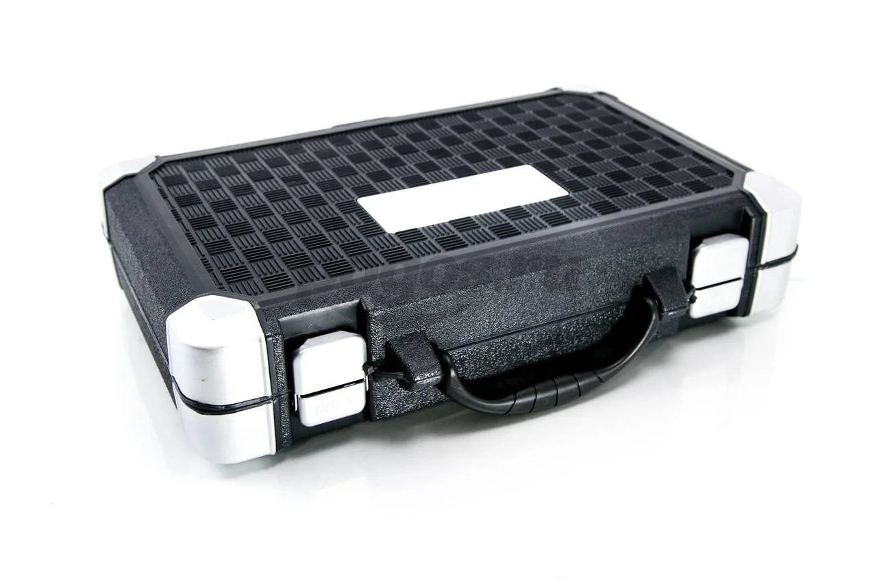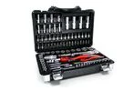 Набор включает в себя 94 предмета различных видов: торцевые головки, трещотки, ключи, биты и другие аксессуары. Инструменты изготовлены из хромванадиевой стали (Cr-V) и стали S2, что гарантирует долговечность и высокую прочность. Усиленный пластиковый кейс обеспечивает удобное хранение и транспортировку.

^^^^

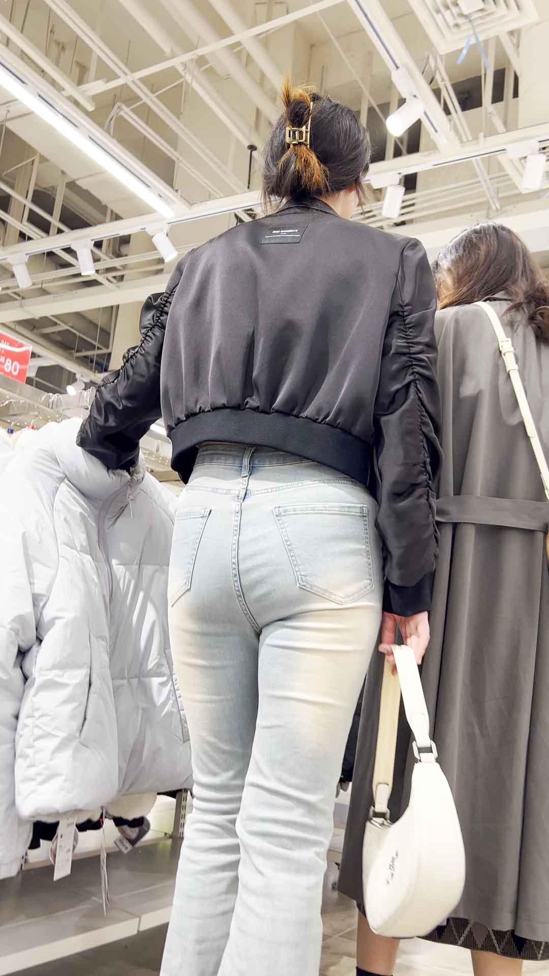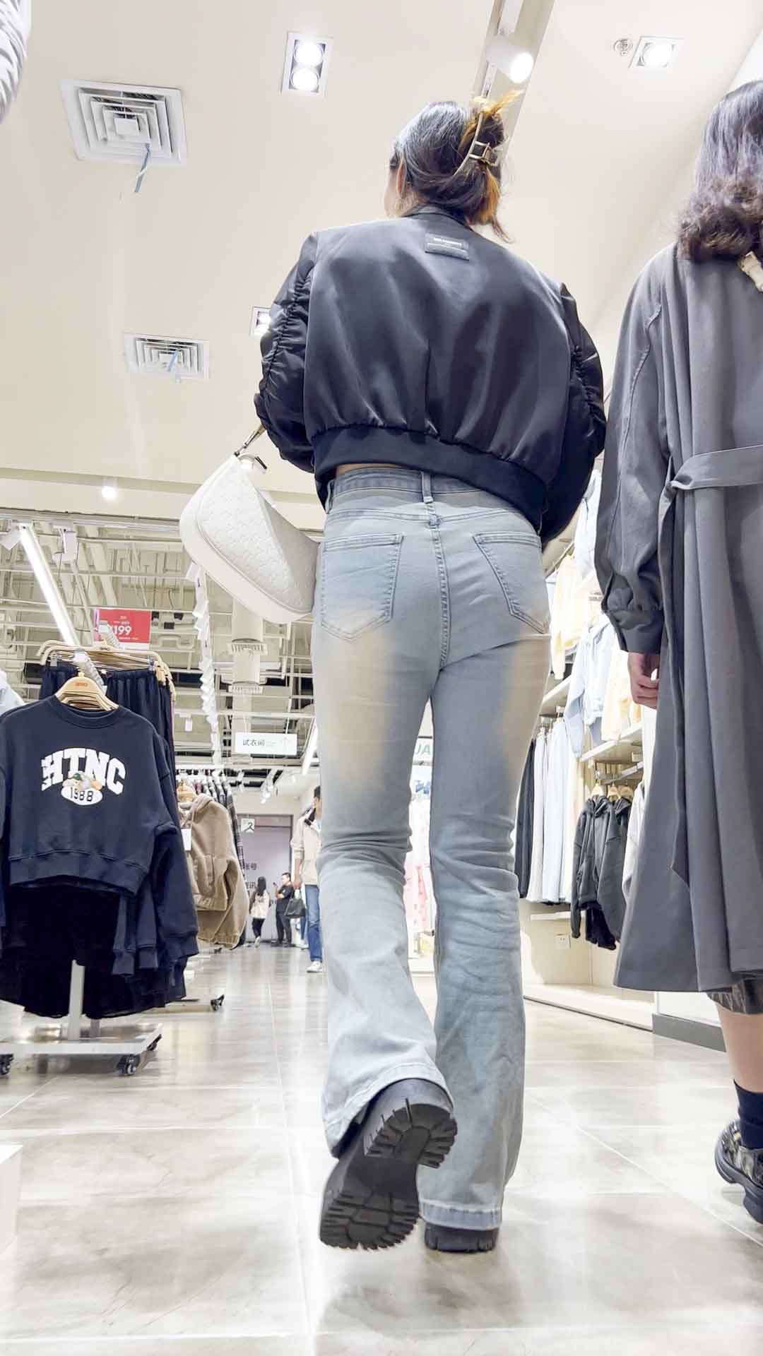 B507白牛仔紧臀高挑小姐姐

^^^^

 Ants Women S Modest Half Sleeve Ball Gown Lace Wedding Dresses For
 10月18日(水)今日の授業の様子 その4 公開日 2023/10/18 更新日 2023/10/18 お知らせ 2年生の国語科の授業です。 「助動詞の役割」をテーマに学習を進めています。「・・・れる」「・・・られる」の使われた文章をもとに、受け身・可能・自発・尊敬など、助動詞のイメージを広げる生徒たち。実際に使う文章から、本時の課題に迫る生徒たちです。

^^^^

### WHAT YOU ARE ASKED TO DO
Only one stretch of the data above is needed. Restate it word for word, from the line containing "Ants Women S" through the line containing "10月18日(水)今日の授業の様子 その4 公開日", both ends included.

### THE COMPLETED TASK
 Ants Women S Modest Half Sleeve Ball Gown Lace Wedding Dresses For
 10月18日(水)今日の授業の様子 その4 公開日 2023/10/18 更新日 2023/10/18 お知らせ 2年生の国語科の授業です。 「助動詞の役割」をテーマに学習を進めています。「・・・れる」「・・・られる」の使われた文章をもとに、受け身・可能・自発・尊敬など、助動詞のイメージを広げる生徒たち。実際に使う文章から、本時の課題に迫る生徒たちです。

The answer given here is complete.